“Remember, we all stumble, every one of us. That’s why it’s a comfort to go hand in hand.”- Emily Kimbrough
I’ve been sort of floundering around over the past few weeks, trying to come up with a topic worthy of discussion, and failing miserably. I’ve decided it’s because my musings here tend to be rooted in conversations I have with friends in the normal course of life…and there’s been far too little time spent lately with some of the people who inspire me and make me think.
Because our house is still practicing social distancing, the precious little socializing I have been able to do has taken on a very special quality. When I saw a friend recently after months apart, I was surprised by the depth of the emotional reaction I had to seeing her in person again. I mean, I’ll be honest, I always feel a little bit like I’m getting away with something in my friendships; like I’m getting the better end of the deal without the other person quite being aware of it. That feeling is even more pronounced now, because I feel the absence of these interactions so keenly.
This period of separation leads me to consider how we form and maintain the kind of deep bonds that withstand life’s hardships. (As we get older, there sure are a lot of them, in one form or another.) I’m referring to those relationships that survive time, circumstance and distance; the ones that can pick up precisely where they’ve left off without ever having to navigate a period of awkwardness or apology. The ones that always come through in the clutch.
In other words, the good kind.
As I was surfing around online today, I came across a story that spoke to what I think sometimes defines that type of relationship. It doesn’t hit the idea, precisely, but runs parallel to it.
A child heard her mother ask their neighbor for salt. Once they were alone, the child asked her mother, “But why did you ask for salt? We have salt at home.”
Her mother replied, “Our neighbors don’t have much and often ask us for things. I want them to continue to come to us, so that we may help. So, sometimes I ask them for something small that doesn’t burden them but makes them feel as if they are repaying the things that we do for them. Knowing they are giving back makes it easier for them to ask for anything they need from us.”

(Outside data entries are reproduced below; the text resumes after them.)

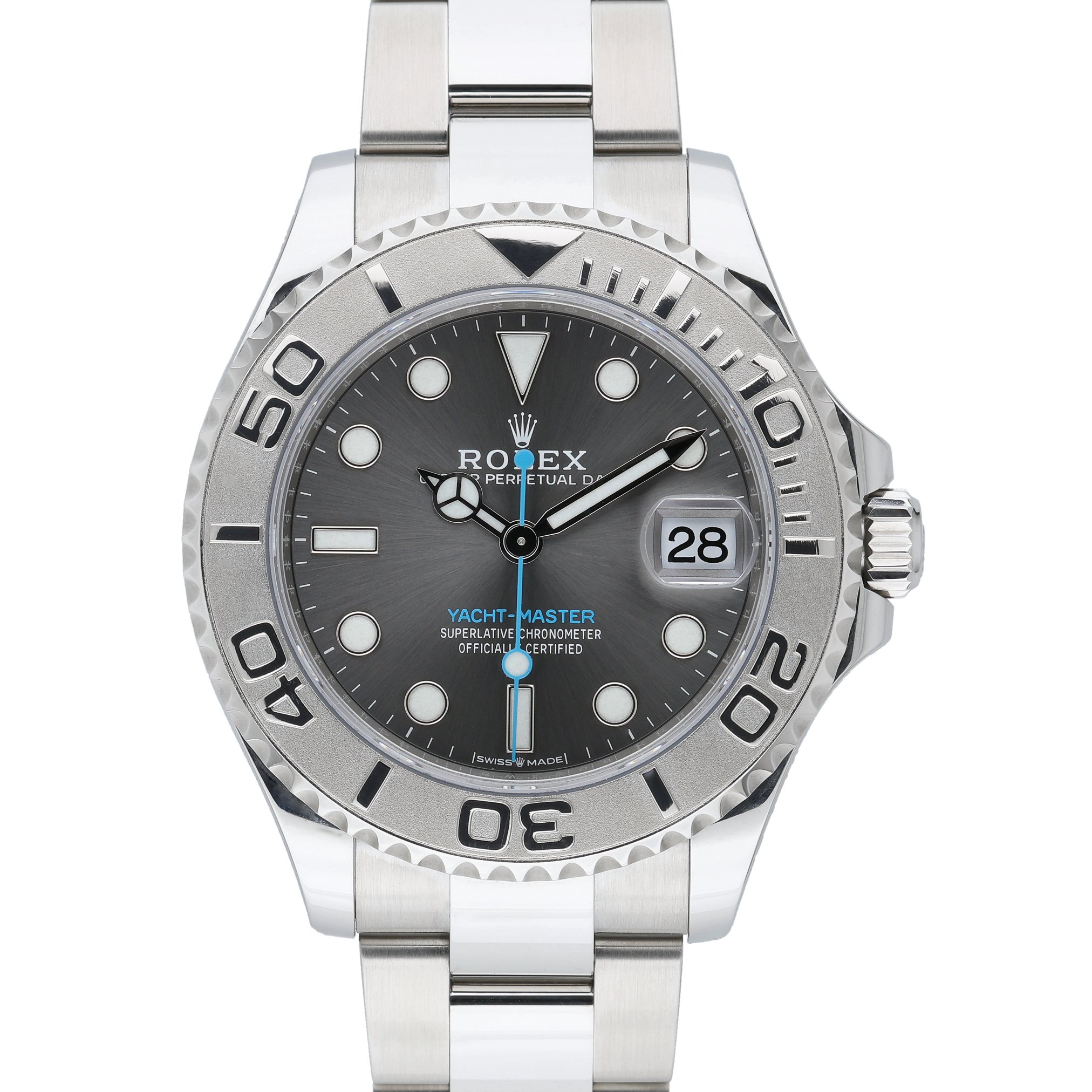 This Rolex Yacht-Master 268622 has a slate dial and a bracelet strap. This Rolex has undergone a thorough inspection of water resistance, accuracy, functionality and condition to determine the level of reconditioning required to meet our strict standards. It has also been referenced against technical documents and manufacturer records where available to ensure authenticity and a clean history. Our watches have a 24-month warranty for your peace of mind, in conjunction with any remaining manufacturer’s warranty from new or from service. To maintain the manufacturer’s warranty on this watch, it has not been polished in our service centre.
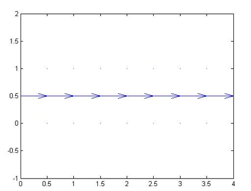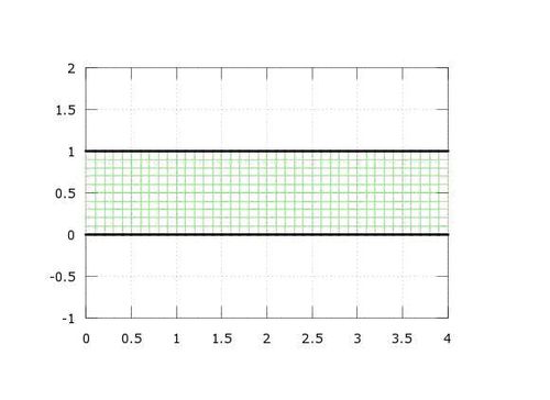 Consideramos el flujo de un fluido incompresible a través de una canal con paredes rectas. Para representarlo, usaremos las coordenadas cartesianas. Dibujamos el mallado que representa los puntos interiores del rectangulo [0, 4] × [0, 1] ocupado por un fluido. Fijamos los ejes en la región [0, 4] × [−1, 2].
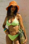 Moderately cheeky and high-cut leg bikini bottoms with a mid-rise waistline. Your next bikini bottom staple. The Nocturnal Bottom is one of our most versatile styles, but pair with our matching Zen Top or West Coast Top for the perfect new set.
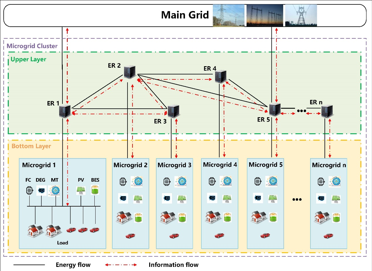 在“碳达峰、碳中和”目标指引下,我国电网正在向着智能化、绿色化发展,传统“自顶向下”的电网发输配变用模式正在面临一系列挑战。一方面,可再生能源的大量渗透导致电网供给侧灵活性下降明显,给电网的安全稳定运行带来威胁;另一方面,先进信息通信技术的发展使大量分布式需求侧资源能够参与电网调节,但其海量、分布式的特点给供需互动调节提出了新的要求。“自底向上”构建新一代能源体系是现实意义下能源可持续发展切实可行的道路。借鉴互联网机制,同传统电网“自顶向下”的树状结构相比,用能互联网的形成是能量自治单元之间的对等互联。如何基于数据驱动的方法,从系统控制的角度精准实现“自底向上”实时能量管控模式,在一定区域内承担分布式可再生能源的灵活接入、动态负荷的局部消纳、与用户互动的需求侧响应等功能,仍存在诸多科学难题和技术瓶颈。

The idea of reciprocity in relationships is not a matter of one person coming up with ways to make another feel better; it’s more the idea that those trades allow us to reveal things pride might otherwise prevent us from expressing. When we reveal our own vulnerabilities, it provides someone else the freedom to do the same.

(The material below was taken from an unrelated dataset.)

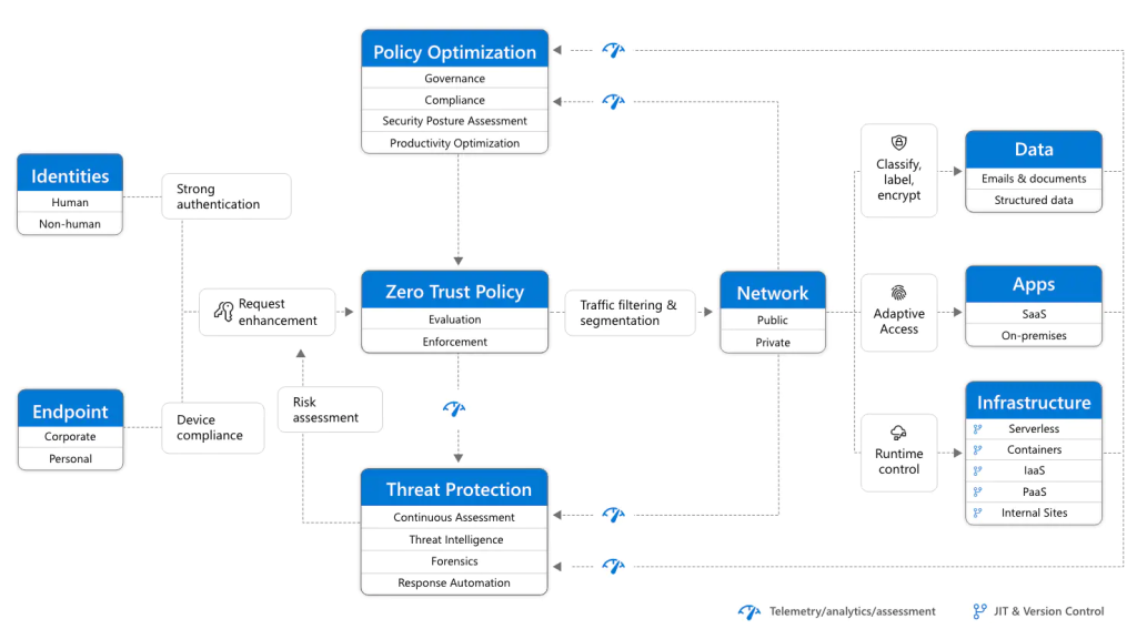 Comme pour la défense en profondeur, les identités, les périphériques, les applications, le réseau, l’infrastructure et les données sont tous des maillons critiques de la chaîne Zéro Trust. Le périmètre de contrôle est horizontal car il impacte tous ces domaines :
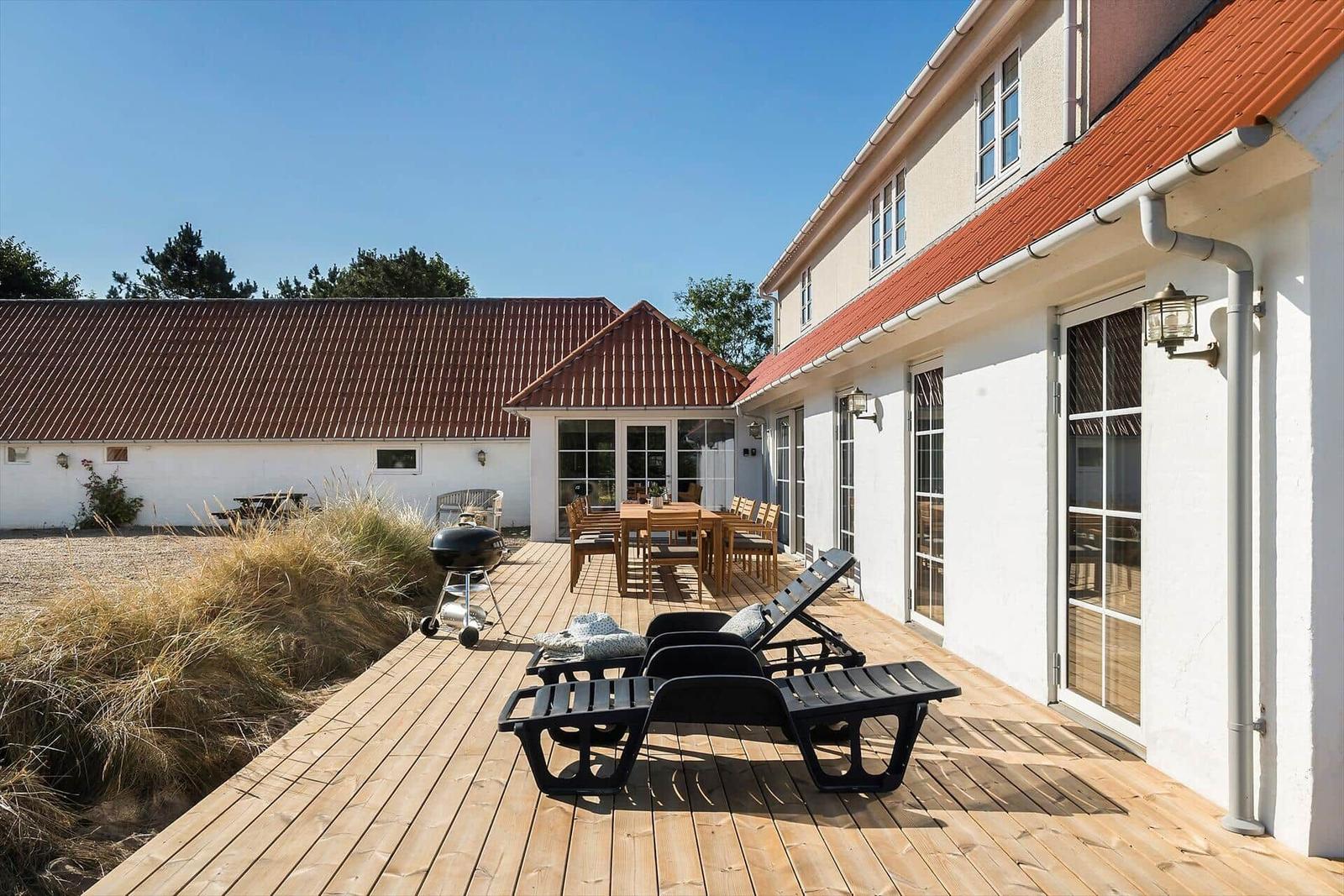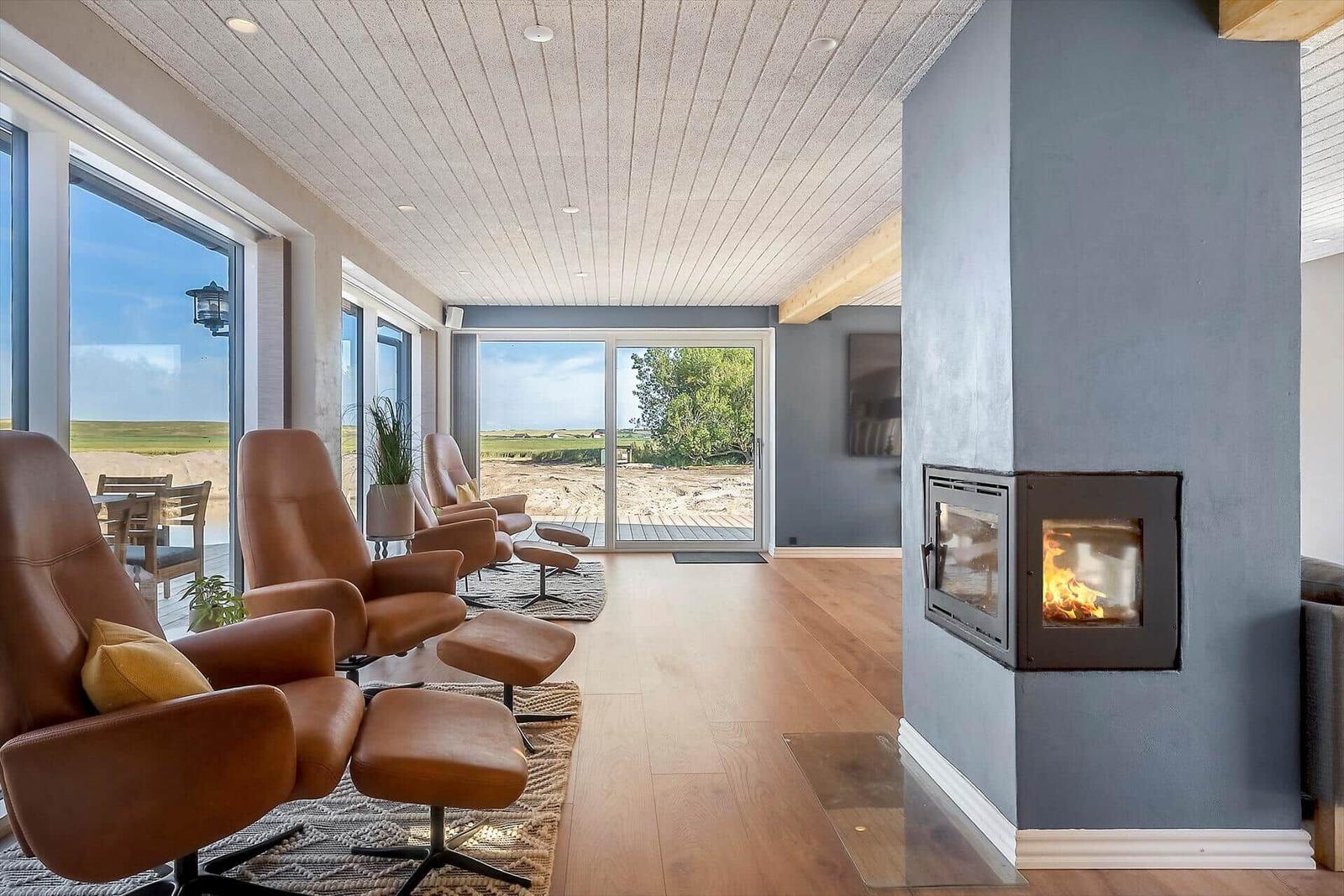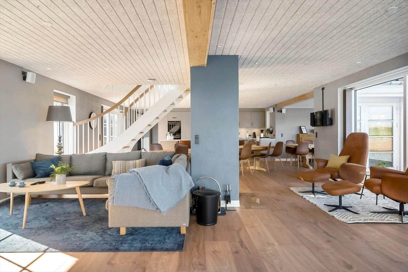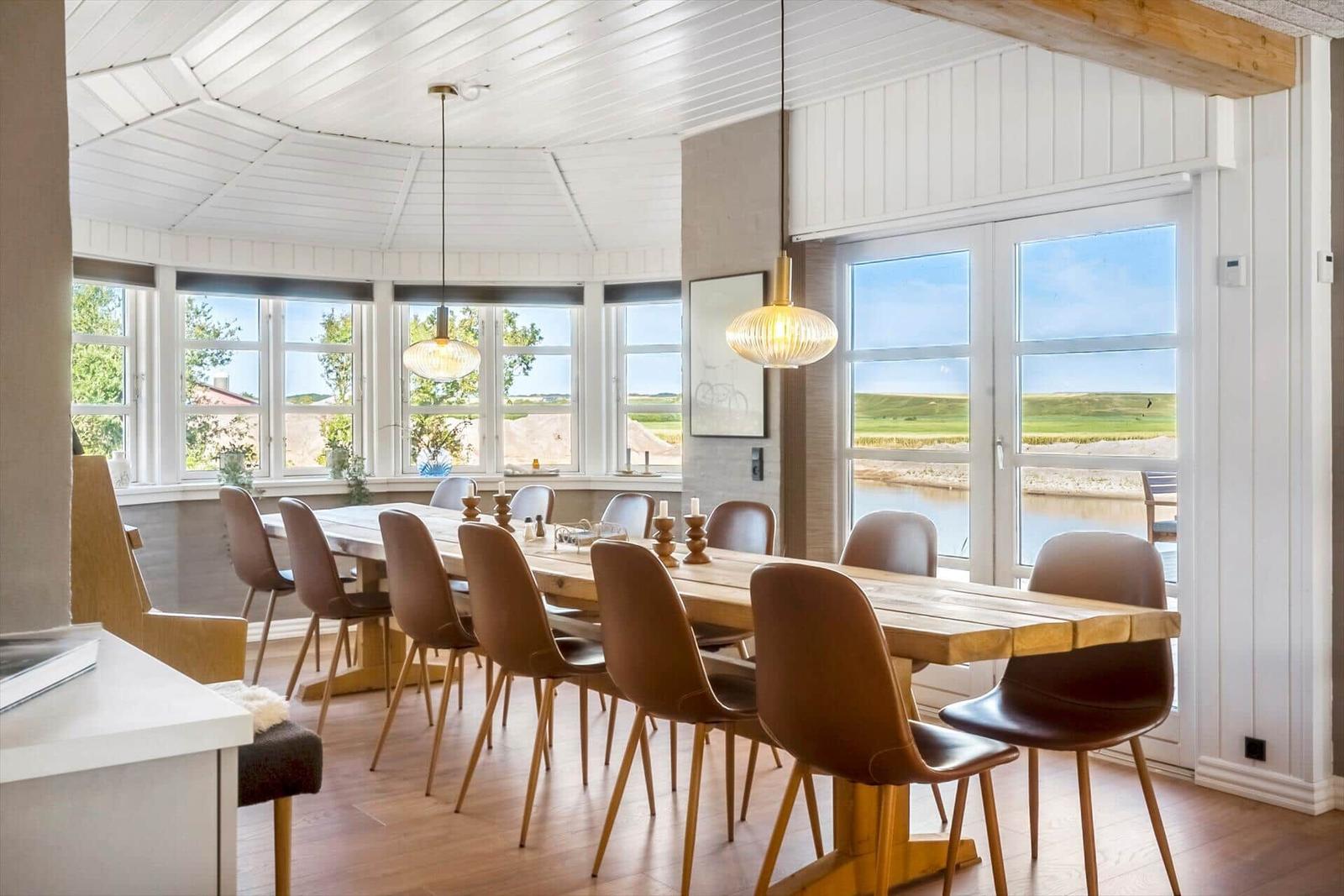 Diese Ferienwohnung in ländlicher Idylle nahe Vejlby Klit bietet einen großzügigen Raum für bis zu 17 Personen und 1 Kind. Mit 370 m² Wohnfläche und sieben Schlafräumen, darunter vier im Obergeschoss, wird genügend Platz für Entspannung und Geselligkeit geboten. Die moderne Küche ist mit einem Geschirrspüler, Elektro-/Gasherd, Backofen, Mikrowelle, Kühlschrank, Kaffeemaschine und Gefriermöglichkeit ausgestattet. Wohn- und Esszimmer verfügen über eine Fußbodenheizung und einen Kaminofen, während Highspeed-WLAN und ein Smart-TV für Unterhaltung sorgen. Drei Duschbäder, ein Hauswirtschaftsraum, Waschmaschine und Wäschetrockner erhöhen den Komfort. Außen sorgen ein weitläufiger Garten mit Teich und Terrassen für Erholung. Die Lage ermöglicht den schnellen Zugang zu den Stränden der Nordsee und zu Freizeitaktivitäten in der Umgebung.

I’ve talked before about how remarkably hard it is to ask for help. We can feel very alone in our struggles, even when all evidence points to the contrary. That’s why we need support from others, even while we’re insisting that we can manage a crisis on our own. We’re not meant to face life alone.
I’ve argued this point into submission on more than one occasion, because we need those ties when things get hard.
I’ve also sort of been hoisted on my own petard by someone who echoed these sentiments back to me …because I’m obdurate, and knowing you need support can still live a whole world away from asking for it. But reciprocity has allowed me to put away every stubborn objection…and I’ve found the scales sometimes balance in unexpected ways.
If I’ve lent salt, I can ask for sugar. If I’ve lent support, I can ask for help.